> **WORK TASK**:
Copy out the data in full and exactly, passing over the pictures.

Stored entries
================

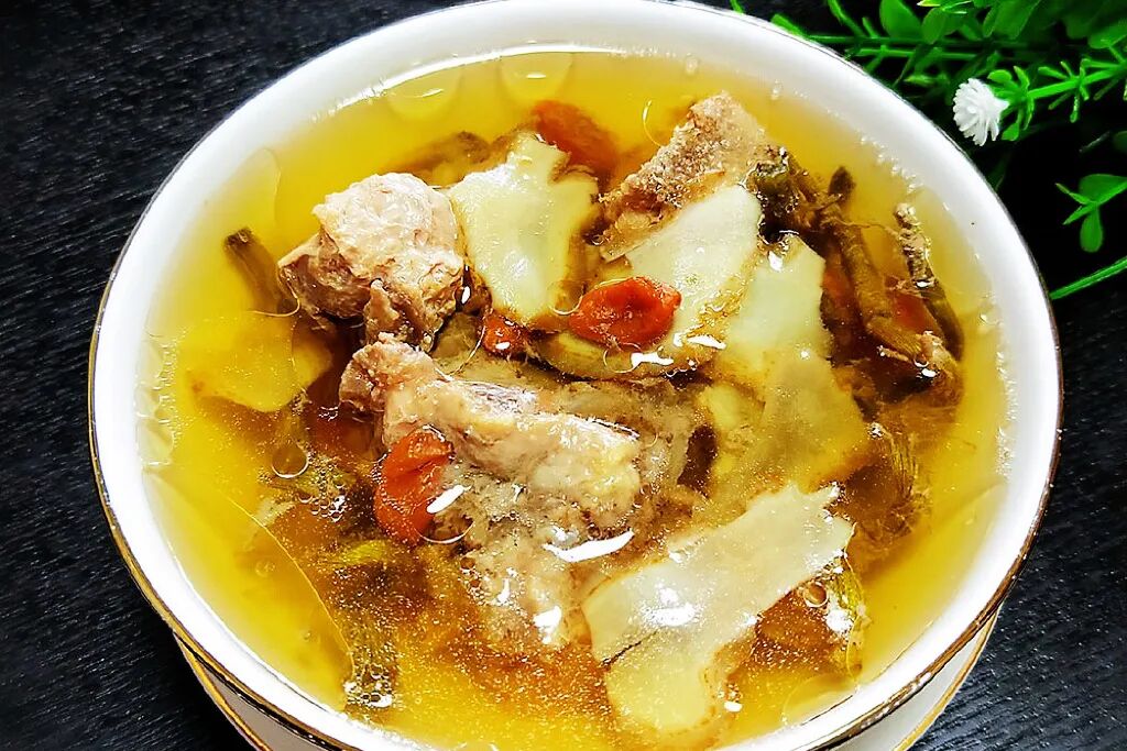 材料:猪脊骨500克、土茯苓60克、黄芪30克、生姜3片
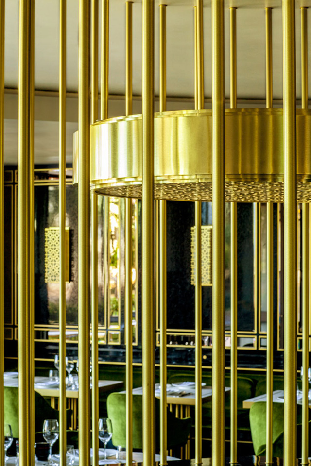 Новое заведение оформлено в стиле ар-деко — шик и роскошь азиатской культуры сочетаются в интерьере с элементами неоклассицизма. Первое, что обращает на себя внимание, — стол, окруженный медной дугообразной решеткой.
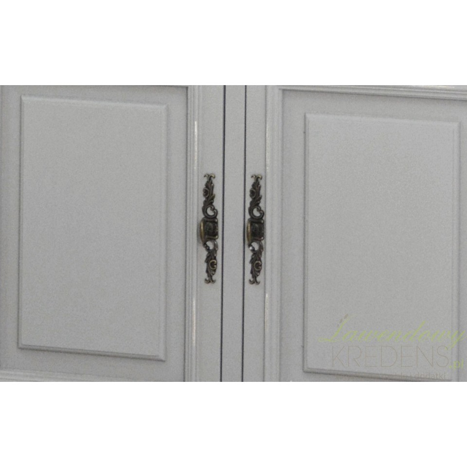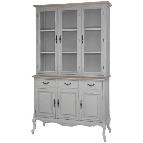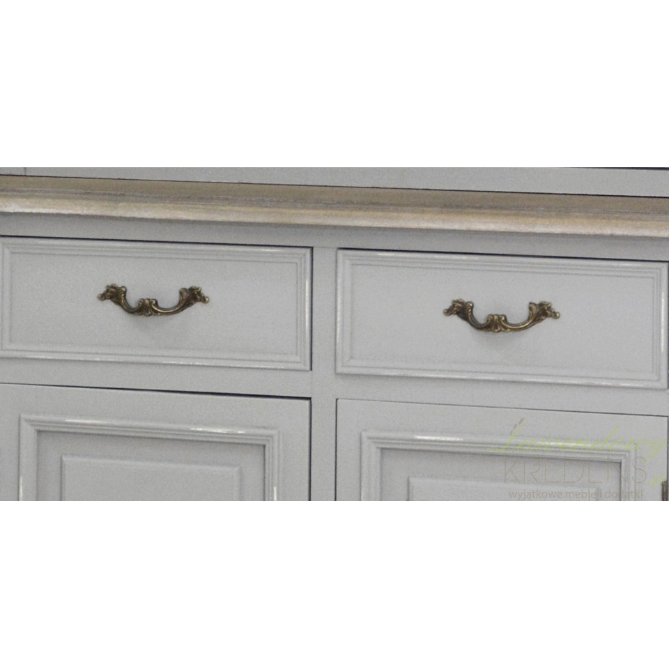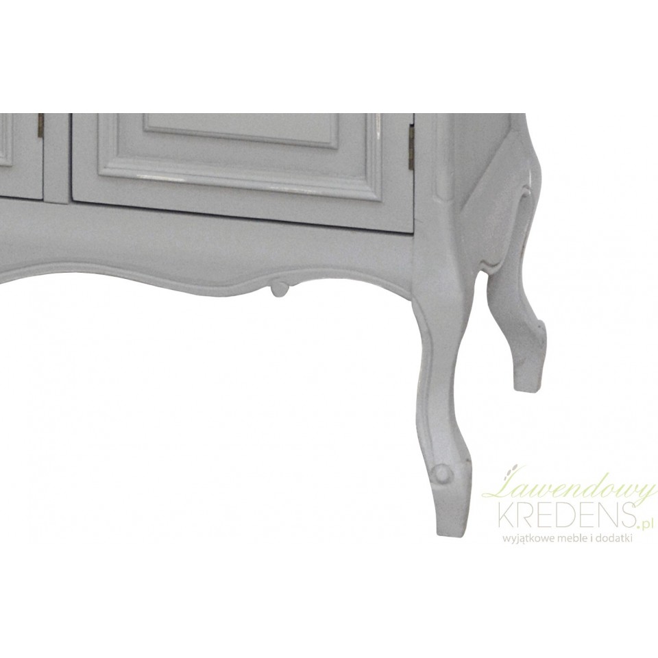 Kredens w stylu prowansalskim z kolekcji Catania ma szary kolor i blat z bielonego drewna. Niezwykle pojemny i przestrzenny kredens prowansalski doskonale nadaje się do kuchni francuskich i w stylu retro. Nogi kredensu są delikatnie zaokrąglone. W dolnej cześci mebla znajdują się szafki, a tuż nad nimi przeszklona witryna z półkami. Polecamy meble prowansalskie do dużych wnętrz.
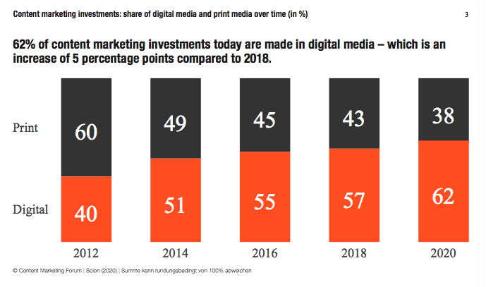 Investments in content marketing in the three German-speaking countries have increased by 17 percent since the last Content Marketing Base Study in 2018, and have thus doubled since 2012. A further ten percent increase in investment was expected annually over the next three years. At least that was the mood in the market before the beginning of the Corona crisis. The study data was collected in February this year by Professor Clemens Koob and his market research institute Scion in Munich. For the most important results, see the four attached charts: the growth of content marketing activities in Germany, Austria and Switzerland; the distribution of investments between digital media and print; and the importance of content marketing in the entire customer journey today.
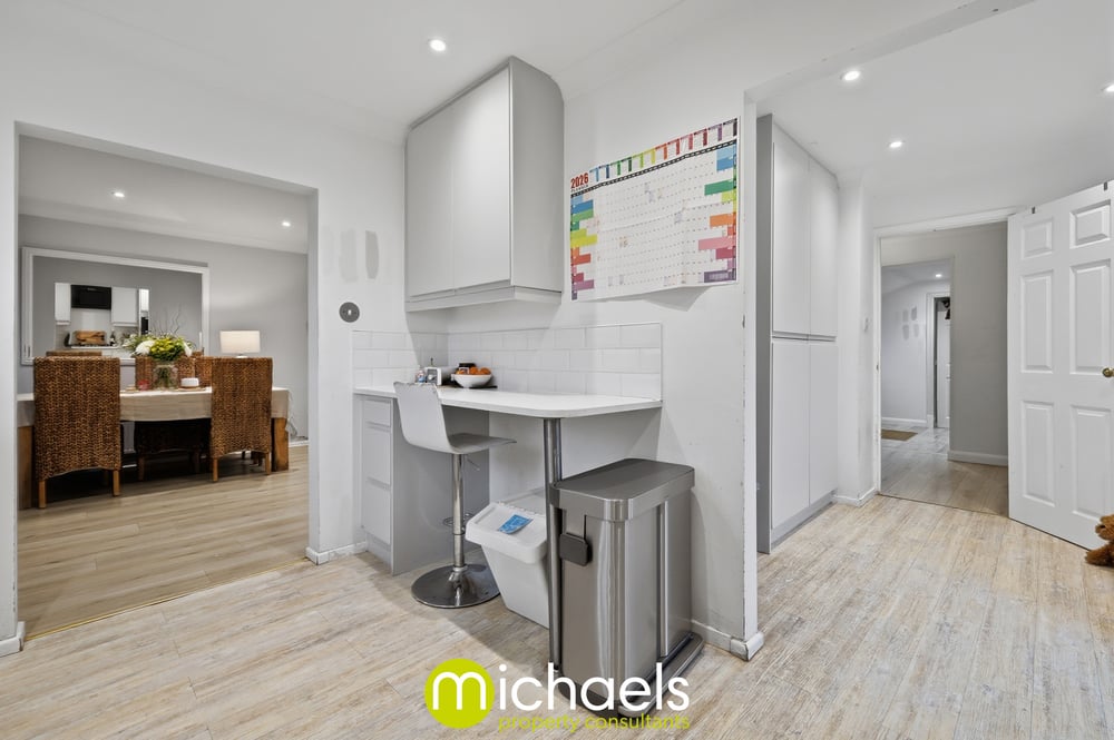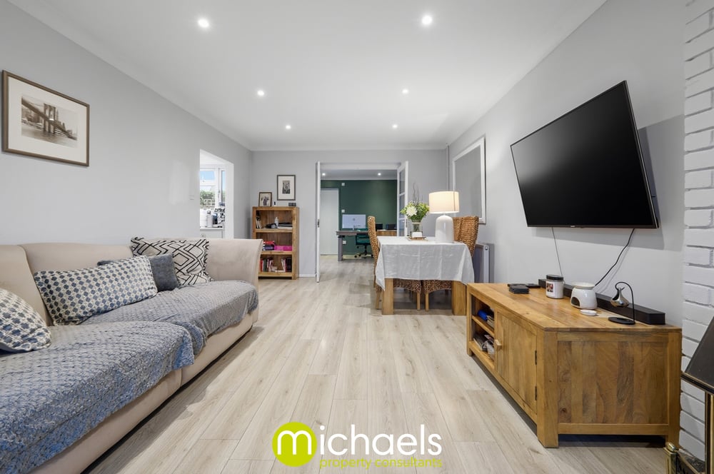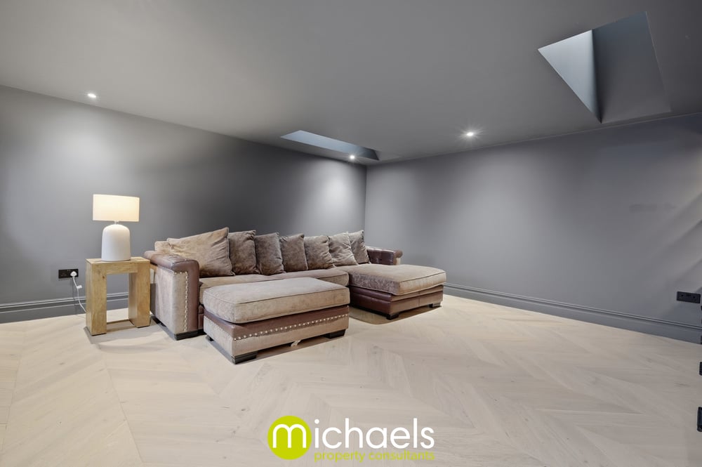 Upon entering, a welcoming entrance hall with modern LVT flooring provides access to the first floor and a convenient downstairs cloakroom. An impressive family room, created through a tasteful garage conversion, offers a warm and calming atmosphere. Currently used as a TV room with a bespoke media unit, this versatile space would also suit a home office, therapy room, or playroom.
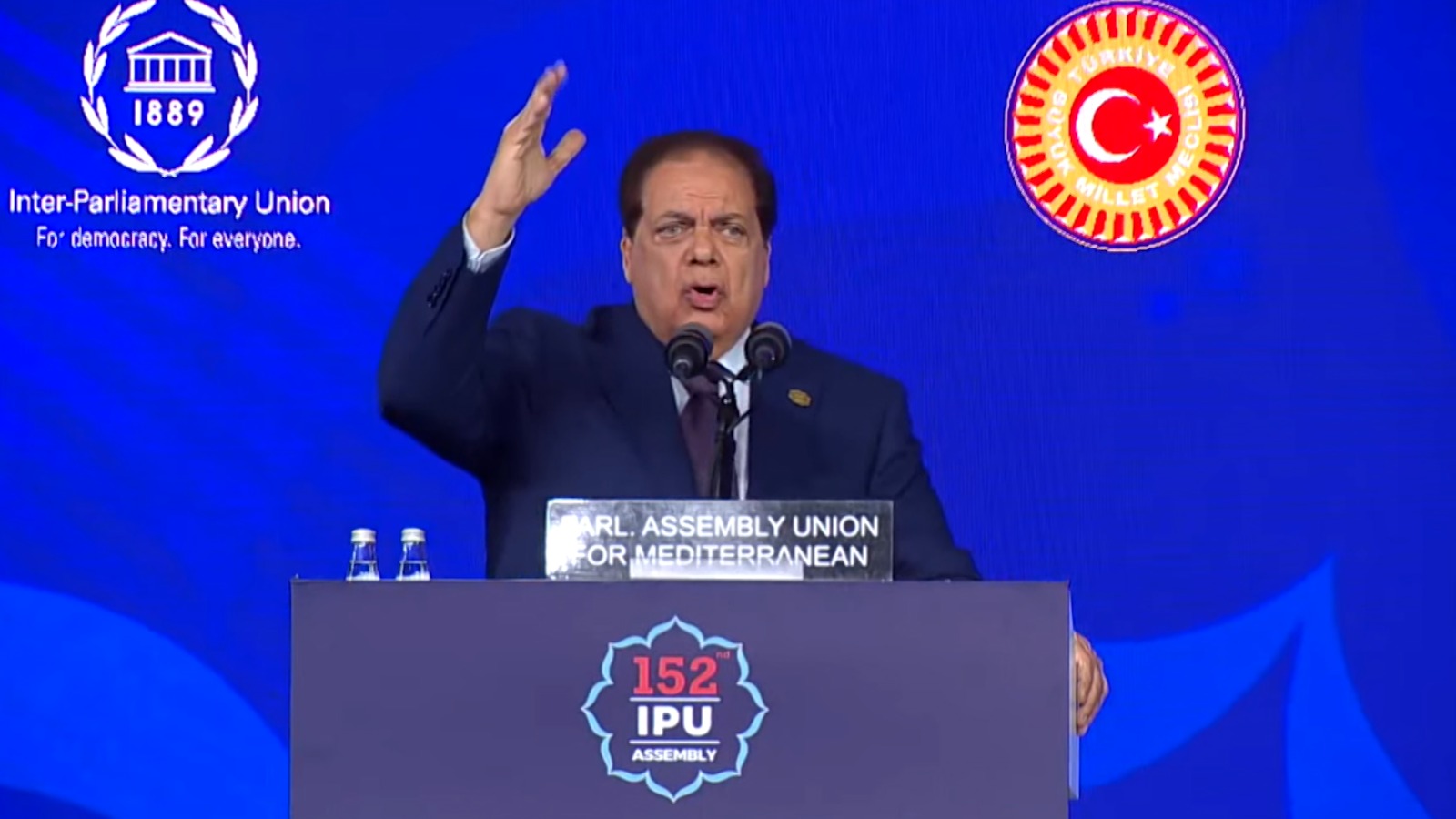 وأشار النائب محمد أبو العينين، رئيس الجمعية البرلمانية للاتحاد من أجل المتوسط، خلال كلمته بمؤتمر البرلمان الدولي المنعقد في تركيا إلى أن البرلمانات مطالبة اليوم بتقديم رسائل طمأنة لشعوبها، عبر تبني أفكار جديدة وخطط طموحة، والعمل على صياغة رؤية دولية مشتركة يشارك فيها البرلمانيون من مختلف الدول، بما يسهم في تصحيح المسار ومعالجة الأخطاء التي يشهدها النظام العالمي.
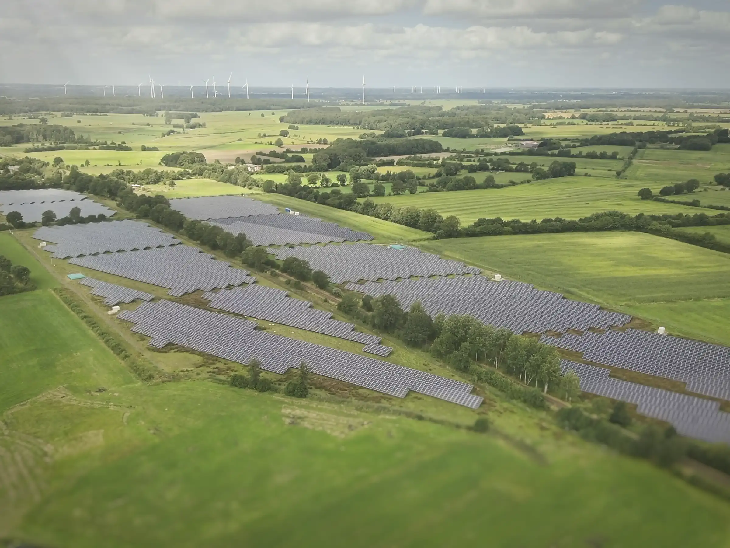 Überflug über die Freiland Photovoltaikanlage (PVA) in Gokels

================

> **RESPONSE TO THE TASK**:
 材料:猪脊骨500克、土茯苓60克、黄芪30克、生姜3片
 Новое заведение оформлено в стиле ар-деко — шик и роскошь азиатской культуры сочетаются в интерьере с элементами неоклассицизма. Первое, что обращает на себя внимание, — стол, окруженный медной дугообразной решеткой.
 Kredens w stylu prowansalskim z kolekcji Catania ma szary kolor i blat z bielonego drewna. Niezwykle pojemny i przestrzenny kredens prowansalski doskonale nadaje się do kuchni francuskich i w stylu retro. Nogi kredensu są delikatnie zaokrąglone. W dolnej cześci mebla znajdują się szafki, a tuż nad nimi przeszklona witryna z półkami. Polecamy meble prowansalskie do dużych wnętrz.
 Investments in content marketing in the three German-speaking countries have increased by 17 percent since the last Content Marketing Base Study in 2018, and have thus doubled since 2012. A further ten percent increase in investment was expected annually over the next three years. At least that was the mood in the market before the beginning of the Corona crisis. The study data was collected in February this year by Professor Clemens Koob and his market research institute Scion in Munich. For the most important results, see the four attached charts: the growth of content marketing activities in Germany, Austria and Switzerland; the distribution of investments between digital media and print; and the importance of content marketing in the entire customer journey today.
 Upon entering, a welcoming entrance hall with modern LVT flooring provides access to the first floor and a convenient downstairs cloakroom. An impressive family room, created through a tasteful garage conversion, offers a warm and calming atmosphere. Currently used as a TV room with a bespoke media unit, this versatile space would also suit a home office, therapy room, or playroom.
 وأشار النائب محمد أبو العينين، رئيس الجمعية البرلمانية للاتحاد من أجل المتوسط، خلال كلمته بمؤتمر البرلمان الدولي المنعقد في تركيا إلى أن البرلمانات مطالبة اليوم بتقديم رسائل طمأنة لشعوبها، عبر تبني أفكار جديدة وخطط طموحة، والعمل على صياغة رؤية دولية مشتركة يشارك فيها البرلمانيون من مختلف الدول، بما يسهم في تصحيح المسار ومعالجة الأخطاء التي يشهدها النظام العالمي.
 Überflug über die Freiland Photovoltaikanlage (PVA) in Gokels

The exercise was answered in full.